Il Pd la invita a bere un mojito in meno e a comprare una digitale per scattare le foto...

"Ahahahah... Adesso anche il mojito vogliono censurare?! Sono una persona ironica. E poi in politica accetto tutto, al contrario di altri che sono iper permalosi. Comunque la risposta è no. Primo, perché abbiamo già una foto-camera digitale. Secondo, perché bevo un cuba libre alla settimana (d'inverno) e un mojito (d'estate). Farei molta fatica a rinunciare a questo piccolo vizio. In ogni caso, non credo di aver mai chiesto un euro al Pd, anche se ne avrei diritto".

 

In che senso?

"Nel senso che i partiti (che oggi non rappresentano più nessuno, se non quattro amici e parenti) vivono di finanziamento pubblico. Una vergogna! Basti pensare che il 90% dei cittadini, con un referendum, aveva abolito quel sistema di finanziamento: quello sì, un furto a tutti gli effetti! Altro che due foto... Poi però, destra e sinistra, si sono fatti in casa un'altra legge e continuano a incassare milioni di euro, soprattutto Pdl e Pd".

 

Quindi un mojito potrebbero anche offrirlo...

"Direi proprio di sì. Ma il Pdl, in generale, è più generoso. A sinistra invece hanno il braccino corto, anche perché devono mantenere un baraccone mangiasoldi. Io però un mojito offerto dal Pd di Arconate non lo berrei mai".

 

Ah sì? E perché?

"Bisogna saperlo fare, il mojito. Io preferisco quello del mio amico Mirko Doni, fatto con la menta del suo giardino: è insuperabile".

 

Direttore, avremmo dovuto parlare di politica e stiamo divagando.

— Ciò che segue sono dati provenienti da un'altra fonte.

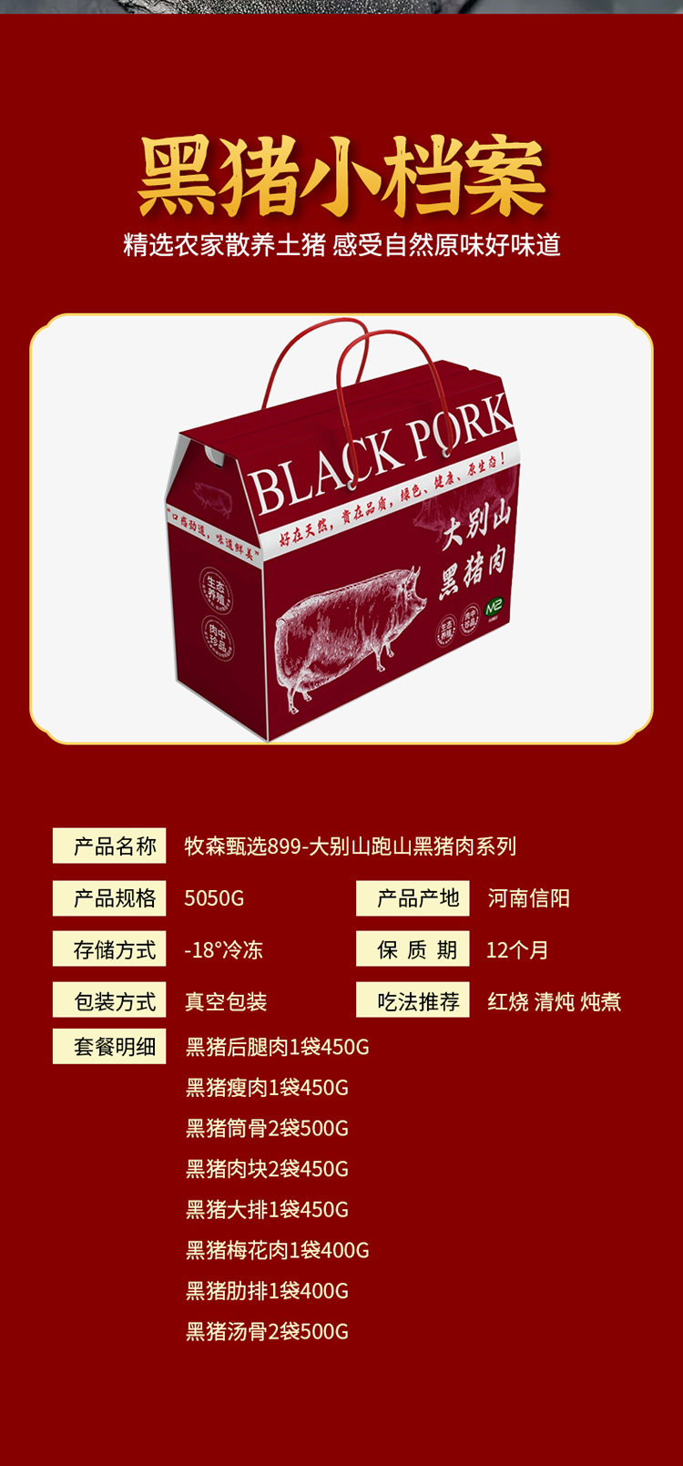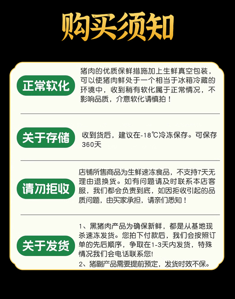 黑豬后腿肉450g/1袋 黑豬瘦肉450g/1袋 黑豬筒骨500g/2袋 黑豬肉塊450g/2袋 黑豬大排450g/1袋 黑豬梅花肉400g/1袋 黑豬肋排400g/1袋 黑豬湯骨500g/2袋

"Ma nella vita si può anche sorridere ogni tanto".

 

D'accordo, ma il Pd la accusa di furto di materiale, di essere un cattivo giornalista, di dover rileggere il codice deontologico, di dover mettere da parte i soldi per comprare una digitale. La invita a pubblicare le sue foto in camera da letto. E poi un gruppo fiancheggiatore del Pd la accusa di essere stato trombato, quando lei non era neppure candidato. E poi ancora: le dicono che non ha un lavoro, quando ne sta facendo quattro assieme. E avanti così. Noi la conosciamo: sappiamo che sono tutte bugie. Ma lei, non è arrabbiato nero?

"Ma no. Perché dovrei? Ho sempre replicato alle accuse politiche e ho sempre mosso critiche solo ed esclusivamente politiche. Non replico alle bugie. Vivo ad Arconate da quando sono nato: conosco i miei concittadini e loro conoscono me. Mi sono candidato due volte alle elezioni e sono sempre stato il candidato più votato della lista. Ci sarà una ragione, o no? La stima e l'affetto che gli arconatesi mi hanno sempre dimostrato è per me un grande motivo d'orgoglio. Non aggiungo altro".

 

Insomma, nemmeno una replica alle bugie?

"Davvero no. E poi la politica è così. L'importante è distinguere sempre tra polemiche politiche e rapporti personali. Quando trovo un avversario politico al bar o in piazza, io lo saluto, mi fermo a fare due chiacchiere e gli offro un caffè. Mentre qui c'è gente che per un articolo ti toglie il saluto. Questo, in tutta onestà, mi amareggia. Ma ho imparato che la vita vale più della politica. Prima o poi lo capiranno tutti..."

 

Allora il mojito ai militanti del Pd lo potrebbe offrire lei, magari cominciando da Giovanni Pasini che sembra essersela presa un po'...

"Molto volentieri. Tutti sanno dove abito e la mia casa è sempre aperta. Se una sera suonasse il campanello Pasini e mi dicesse di essere lì per un mojito, lo accoglierei con affetto".